Relatives went to the Kyauktaw Township police station on Dec. 8 and left their complaints with a police clerk. When they went to the police station a week later, they were told by the head of the police station, Police Captain Thura Tun, that the police clerk had been transferred and the dossiers had also gone missing.
“We police are not authorized to handle such cases. We have told the villagers again and again that we can’t open cases because the events happened in operational areas of the Tatmadaw. They can file complaints with the relevant military battalions and units and the border affairs minister,” Thura Tun told The Irrawaddy on Dec. 18.
Lawyer U Zaw Zaw Min of the Arakan Human Rights Defenders and Promoters Association said police should open cases upon receiving complaints.
“If complaints from people asking for justice went missing, the policeman who is responsible must be punished. Only doing so will remedy justice. It is irresponsible of the police to say that complaints went missing. If police do so, people will lack trust in the law,” U Zaw Zaw Min told The Irrawaddy.
Kin of the abductees said they were asked by the Mrauk-U District police chief’s office on Dec. 29 about the incident.
“We were asked from where they were abducted, and who the abductees are. We told them that they were abducted from villages by Division 55, and we saw the Division 55 logo on their arms. Police said they sought instructions from above, and that they would do their best,” said Daw Ma Win Kyi, sister of one of the abductees.
She said the relatives were not told who gave the instruction for questioning.
The Irrawaddy attempted to contact Police Lieutenant Colonel Zaw Zaw Nay Hein, chief of the Mrauk-U District police force, several times, but he did not pick up the phone.
Rakhine State government spokesman U Win Myint told The Irrawaddy he did not know about the case.

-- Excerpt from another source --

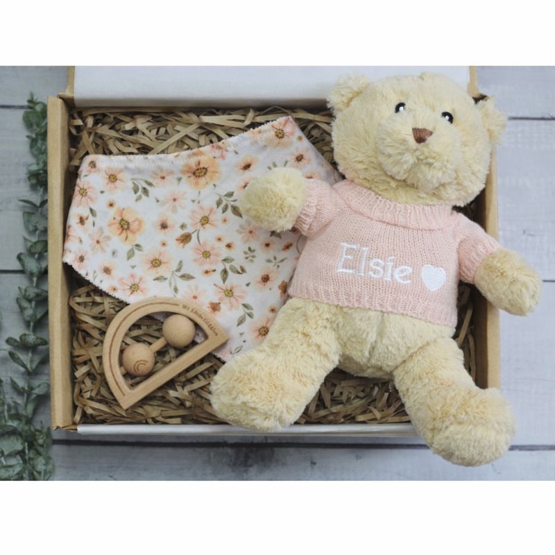 A plush companion to cherish from day one, this cuddly toy wears a custom knitted jumper embroidered with the baby’s name — a keepsake that’s as unique as they are.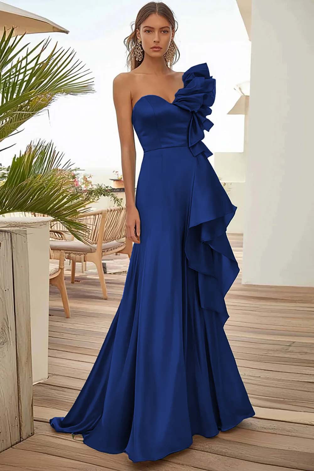 Mermaid Blue Asymmetrical Formal Dress With Ruffles

The Irrawaddy was also unable to contact the state minister for border affairs and security, Colonel Min Than.
Myanmar military spokesman Major General Zaw Min Tun said at the Tatmadaw press conference on Nov. 27 in Naypyitaw that Tinma villagers could file complaints with the relevant departments in line in with law.
At a Tatmadaw press conference on Dec. 30, Maj-Gen Zaw Min Tun said relatives of the abductees, if they suspect the Tatmadaw, could talk to relevant command and battalions in the region and could file complaints if they have strong evidence.
“I am not saying the Tatmadaw did not make arrests. We have known nothing about the incident. There are places where the villagers can file complaints with strong evidence. They can file complaints freely with those places,” said the military spokesman.
Director U Aung Myo Min of the Gender Equality Network said he understands that the MNHRC faces certain difficulties when conducting investigations during COVID-19, but the commission should find ways and means with full responsibility and accountability to establish the truth, because this case was not an ordinary human rights violation.
“The commission should make an investigation anyway. Submitting a report to the government is not enough. It also has a responsibility to provide input from legal and human rights perspectives about what actions must be taken in response,” he said.
Relatives hope that abductees are safe and will be able to return soon.
“We have filed complaints with all the departments possible. But we still don’t have any information about my husband and other villagers. I have children to care for and have no source of income. I hope my husband is released soon,” Daw Moe Hnin Nwe, wife of one of the detainees, told The Irrawaddy.